■ **Exercise**: Copy the lines below as they are; omit the images they contain.

■ **Source data**:
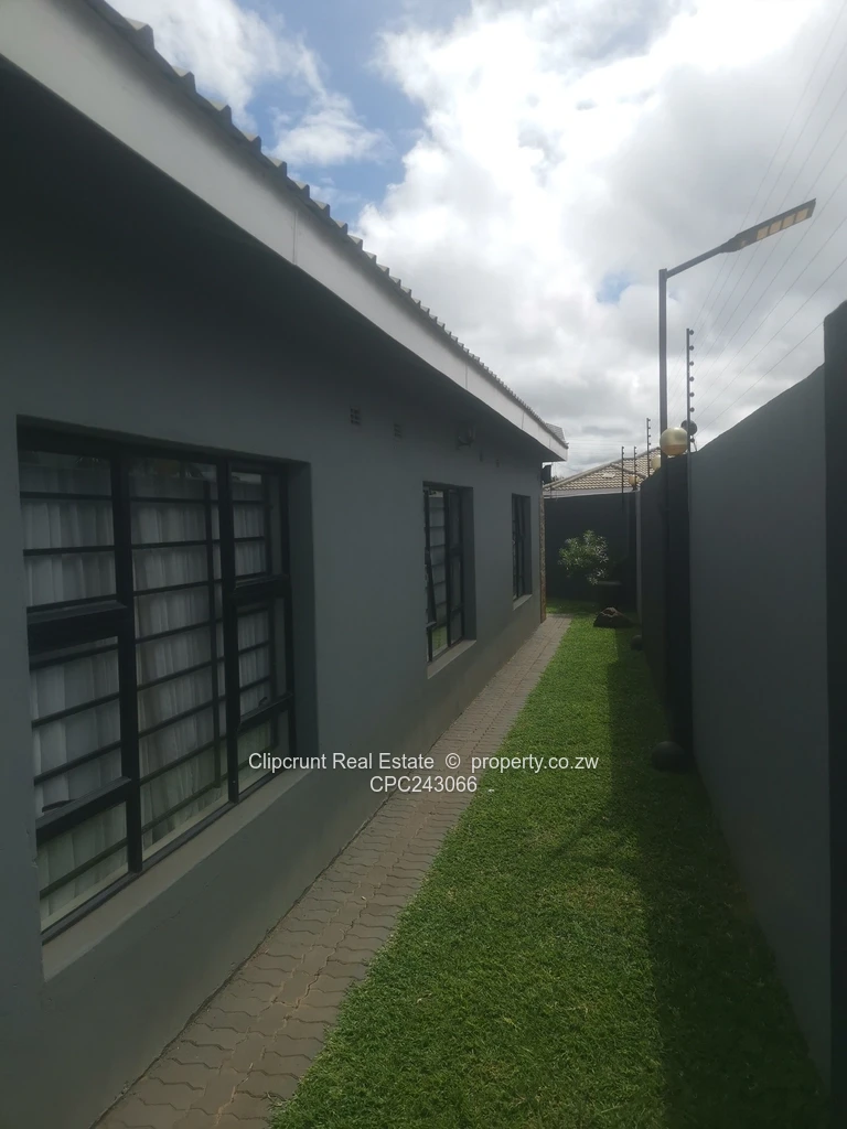 Neat and modern house in a fairly new suburb that is fully serviced with tarred roads, zesa power, water and sewer.
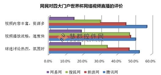 小组赛期间,赛事视频直播最受网民关注,数据显示,52%网民使用腾讯网收看世界杯网络视频直播,超出其他门户网站。在“视频内容丰富,资源多”,“视频播放流畅,速度快”,“球迷讨论热烈,氛围好”三项指标上,腾讯网都以绝对优势领先其他门户网站。
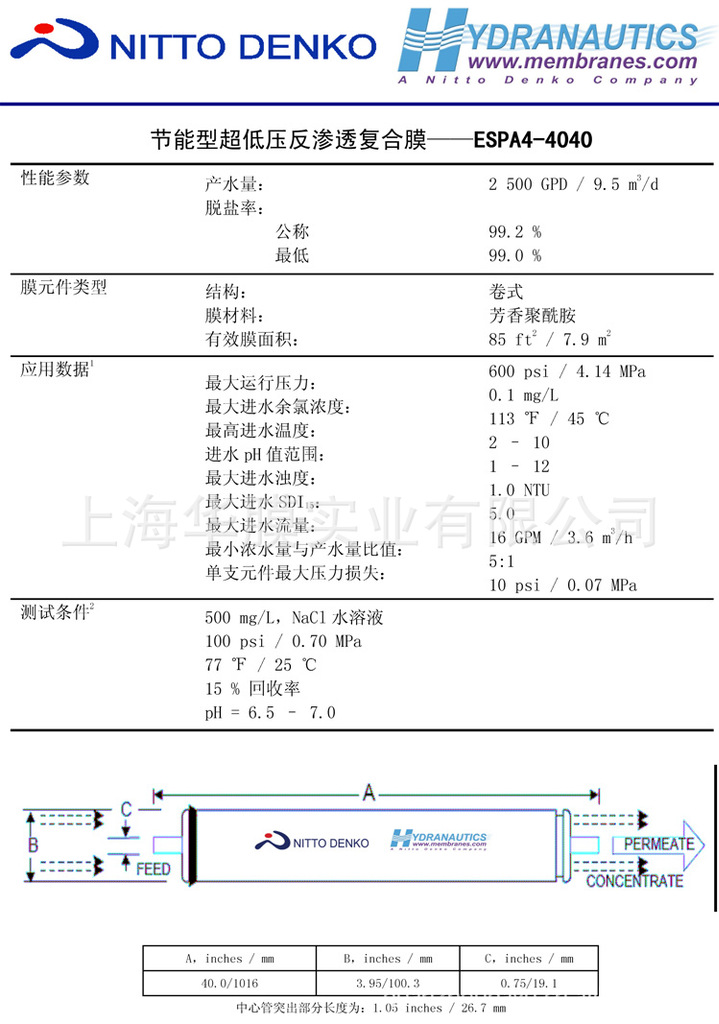 ESPA4-4040 系列4英寸膜元件的性能参数

■ **Expected output**:
 Neat and modern house in a fairly new suburb that is fully serviced with tarred roads, zesa power, water and sewer.
 小组赛期间,赛事视频直播最受网民关注,数据显示,52%网民使用腾讯网收看世界杯网络视频直播,超出其他门户网站。在“视频内容丰富,资源多”,“视频播放流畅,速度快”,“球迷讨论热烈,氛围好”三项指标上,腾讯网都以绝对优势领先其他门户网站。
 ESPA4-4040 系列4英寸膜元件的性能参数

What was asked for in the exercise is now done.